MRI and Biopsy Protocols
As a part of routine clinical interpretation, MRI target ROI contours were drawn on axial T2-weighted scans by one of 3 experienced genitourinary radiologists using commercially available annotation software. To maximize specificity, the clinical annotation protocol required ROI margins to be drawn tightly around suspicious targets. These MRI annotations were then transferred to the MRI-ultrasound fusion device to enable the biopsy procedure. During the procedure, real-time sensor fusion was used to determine the 3-dimensional spatial coordinates of the tip and base of each individual biopsy core retrieved, including both targeted and template cores. Patients were anesthetized using a periprostatic nerve block of 20 cc 1% lidocaine, and all cores were retrieved by a single urologist (LSM) with 10 years of fusion biopsy experience.

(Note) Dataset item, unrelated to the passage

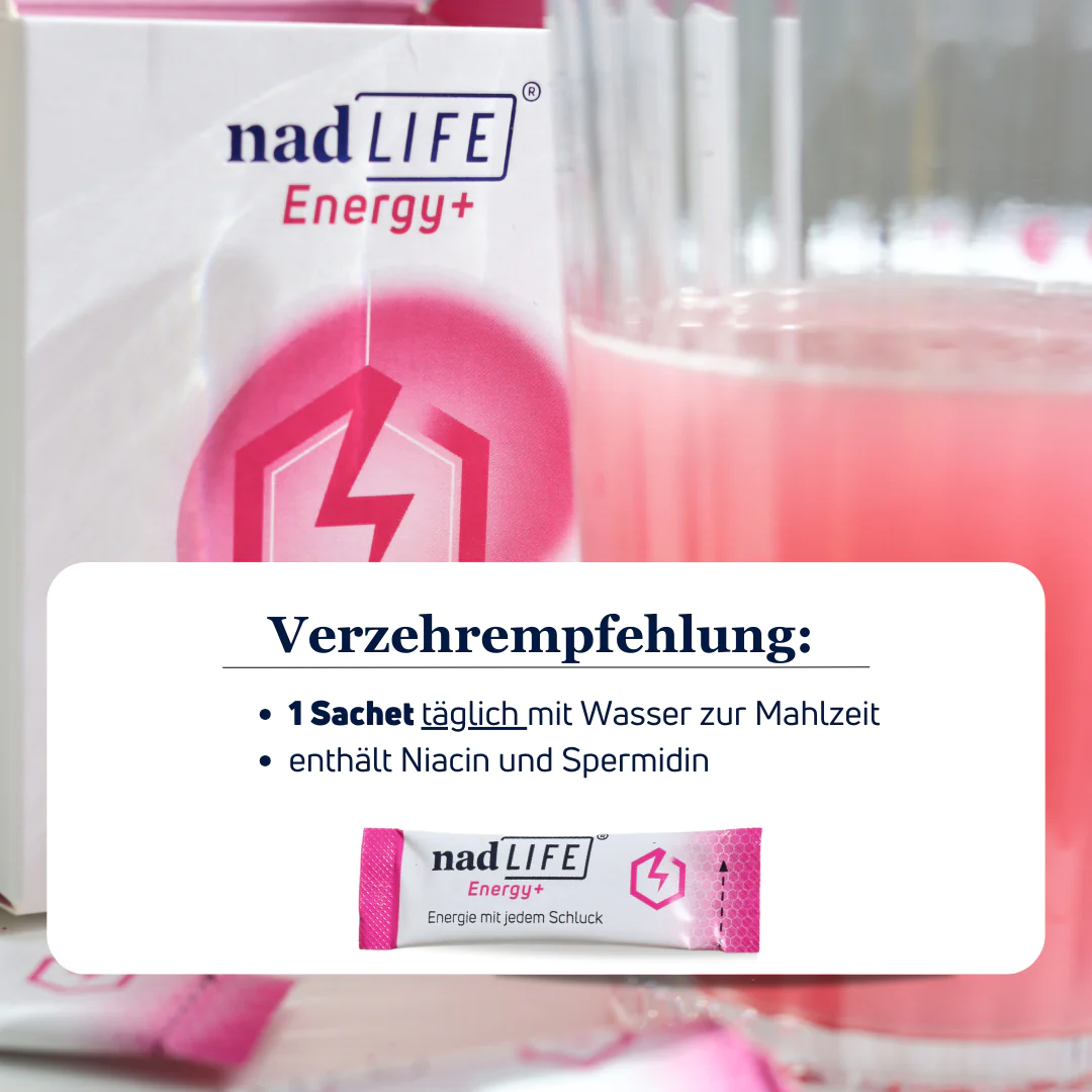 nadLIFE Energy+ is a world first because it combines niacin in the form of NAM and spermidine for the first time. It provides you with energy AND supports the renewal of the power plants in your cells. nadLIFE Energy+ combines the latest technology with the highest quality and was carefully developed to meet your needs.

Computerized targeting guidance was provided for both systematic and targeted cores. For systematic cores, a target marker was designated on the procedural console and the operator retrieved a core from the designated location. For targeted cores, a radiologist-delineated ROI was displayed on the procedural console, and the operator retrieved cores from the ROI. Our combined biopsy protocol uses the “target+standard” approach for all biopsies, wherein targeted cores were taken before systematic cores. All cores that were intended to be targeted at an ROI were designated as targeted cores, and all cores that were intended to be systematic were designated as such, regardless of their position relative to the ROI. Cores were taken every 5 mm along the longest axis for irregularly shaped ROIs, and in a cross-hair pattern for regularly shaped ROIs. The standard minimum number of cores per ROI was 2, although a single patient in our data set received 1 core for their ROI.
All retrieved biopsy cores were interpreted by a sub-specialized group of genitourinary pathologists with 5–15 years of experience in prostate cancer interpretation and assigned Gleason scores and GGs.21 For the purposes of this study, clinically significant prostate cancer included any biopsy core assigned an International Society of Urological Pathology GG of 2 or higher.
Biopsy Distance Calculations
For each patient, the 3-dimensional spatial coordinates corresponding to each biopsy core were retrieved. The distance between a targeted or systematic biopsy core and an ROI was determined by both a distance from the edge of the ROI and the distance from the centroid of the ROI. If multiple ROIs were present, the smallest distance of the core to any ROI was used.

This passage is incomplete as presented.